At present, Europe lags in sharing, as revealed by the co-location ratio for cell towers. This is the number of mobile network operators (NMO) sharing one tower, up to a maximum of three. In the US the ratio is 2.2, while in Europe it is down at 1.3, according to EY.

This also hits the sector’s bottom line because the higher the co-location ratio goes, the better it is for returns. Regulators are pushing for infrastructure sharing because it will boost returns by creating rental revenue. But there is scant confidence the EU will get up to the level of the US.

‘Looking ahead, cell tower and data centre investment opportunities in Europe seem attractive, says Demaine of Green Street Advisors. ‘Data consumption is expected to grow exponentially, and cell towers and data centres are critical components of the digital ecosystem that enables consumption at ever-greater volume and speed.

‘Against the favourable demand backdrop, European supply remains fragmented and owner-operator models are prevalent.
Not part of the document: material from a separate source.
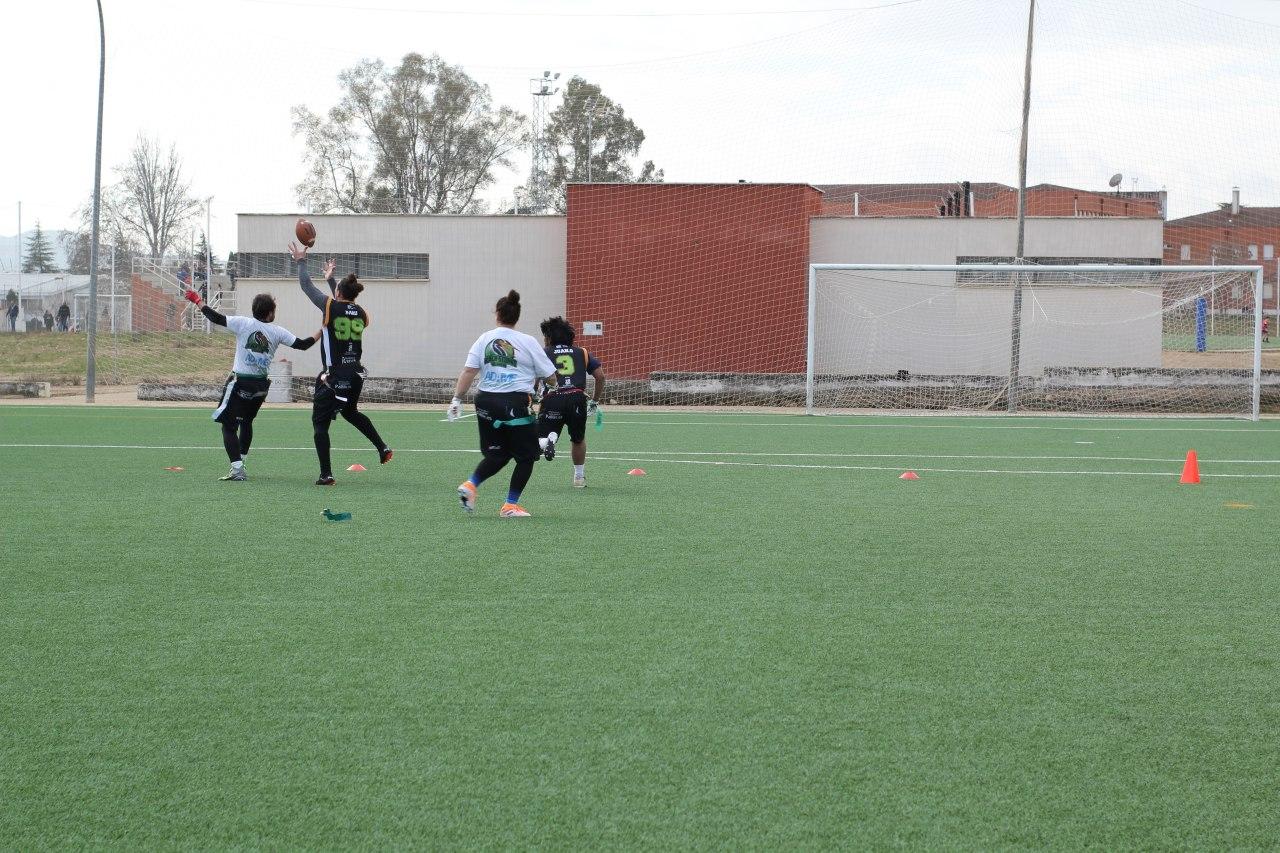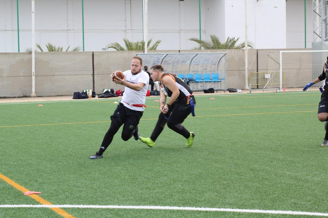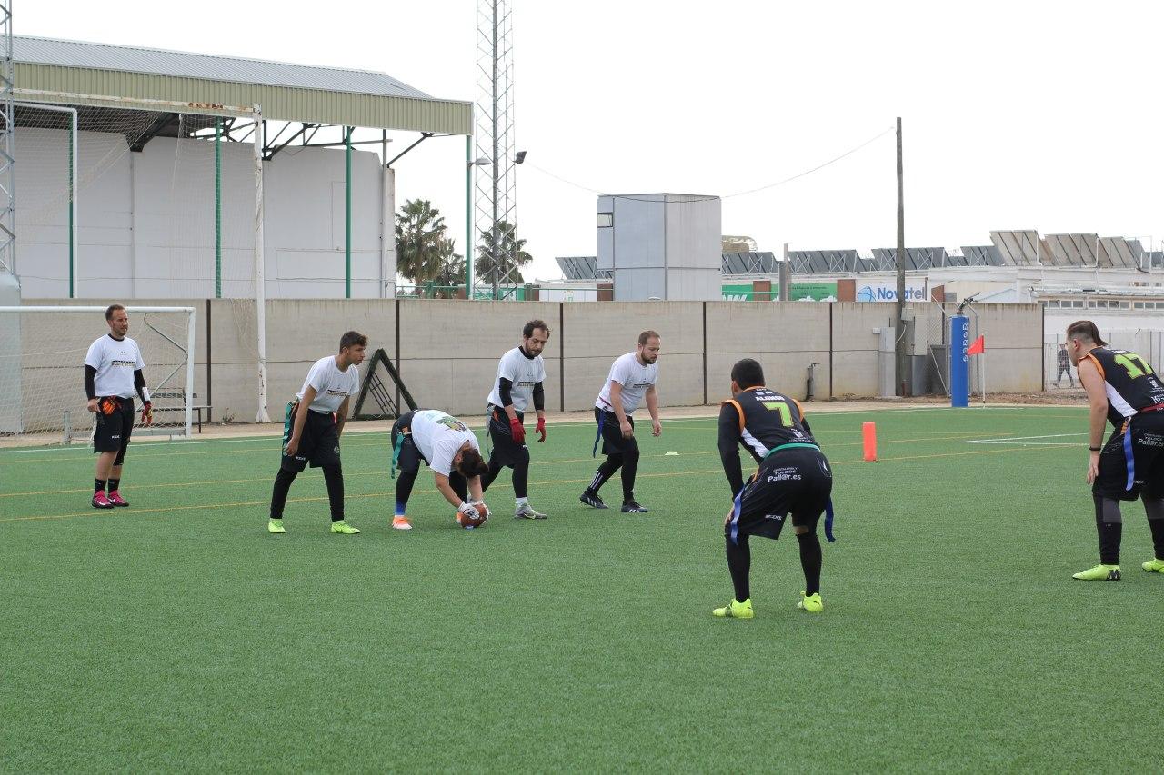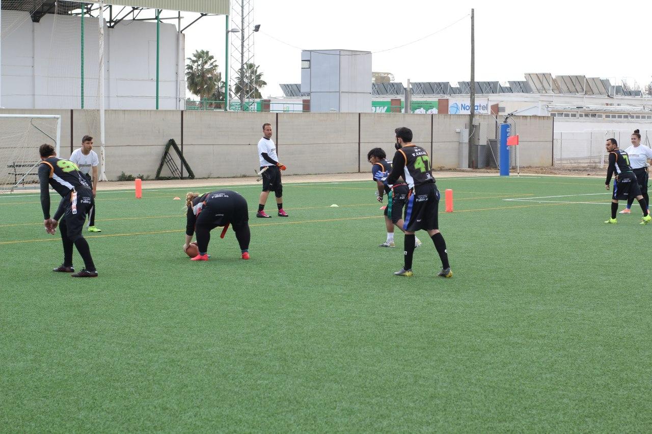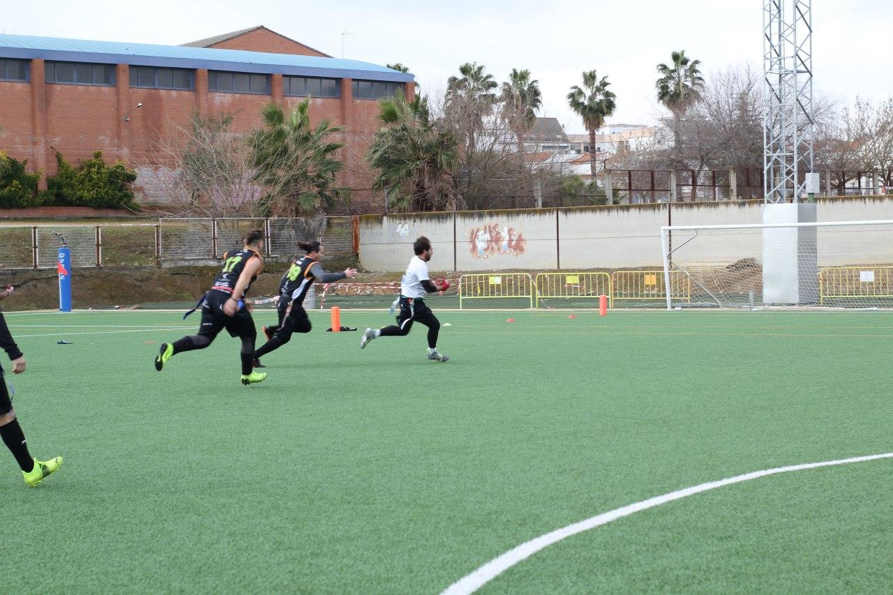 El equipo de Víctor Calle empezó muy fuerte en ataque logrando un rápido touchdown profundo por medio de Alonso Mendoza, y poniendo el joven Juan Gallego el punto extra. Acto seguido, su defensor Juan “Baru” lograba una intercepción que facilitaba una buena posición de campo a la ofensiva, y no fallaron. Anotación por parte de Ana Carmona con una nueva conversión de Juan Gallego. Raptors se ponía así con un 14-0 en un abrir y cerrar de ojos.

The door is open for operators to unlock valuation arbitrage to free up investment capital and for real estate investors to generate early-mover returns.’

European firms appear to be waking up to the opportunity of freeing up capital presently trapped in assets in order to invest in innovation to stay competitive.

UK telecoms giant Vodafone is in the process of floating its European phone mast business, for between €15-€20 bn. It is spinning the network off into a business called TowerCO, which is due to launch in May. Vodafone’s network comprises 61,700 masts across Europe, with 75% in Germany, Spain, the UK and Italy. TowerCO is set to be one of Europe’s biggest tower firms, generating €1.7 bn of predicted income on renting space on the network to rival providers.

Market consolidation?

Some are sceptical there is great scope for market consolidation in digital infrastructure, questioning why a data centre developer would get into the equally complex task of laying underground fibre networks. Nonetheless, some consolidation is taking place.

NTT Ltd, the European subsidiary of Japanese conglomerate, Nippon Telegraph and Telephone Corp, has recently executed a mega-merger by bringing together 31 companies under its umbrella. Responsible for developing the ‘emoji’ used in text messaging, the global operator’s activities straddle every segment in digital infrastructure.

In January, Cellnex paid €800 mln to buy 3,000 towers and sites in Portugal from OMTEL. The deal also includes 400 new sites in the Iberian country to be developed over the next four years, at a cost of €140 mln.

Last December, French telecoms giant Orange sold its network of 1,500 phone masts to Cellnex for $260 mln. Cellnex also purchased Cignal in Ireland for €210 mln in October last year and paid around $2 bn for the telecommunications business of the British firm, Arqiva.

Cellnex has ambitious plans to buy up to 28,000 assets, and to roll out 600 new sites by 2026. In the past 12 months, the company increased by 25% the number of Distributed Antenna Systems (DAS) and small cell antennas which it operates, as part of an investment programme totalling almost €4 bn, in preparation for 5G.

Focusing upon the Internet of Things and smart cities in the form of security and emergency service networks and urban infrastructure management last year earned Cellnex almost 10% of its total revenue from infrastructure services of €699 mln.

Slowly, the digital infrastructure sector in Europe is opening up and it promises fertile ground for deep-pocketed investors with the appetite to hurdle high entry barriers.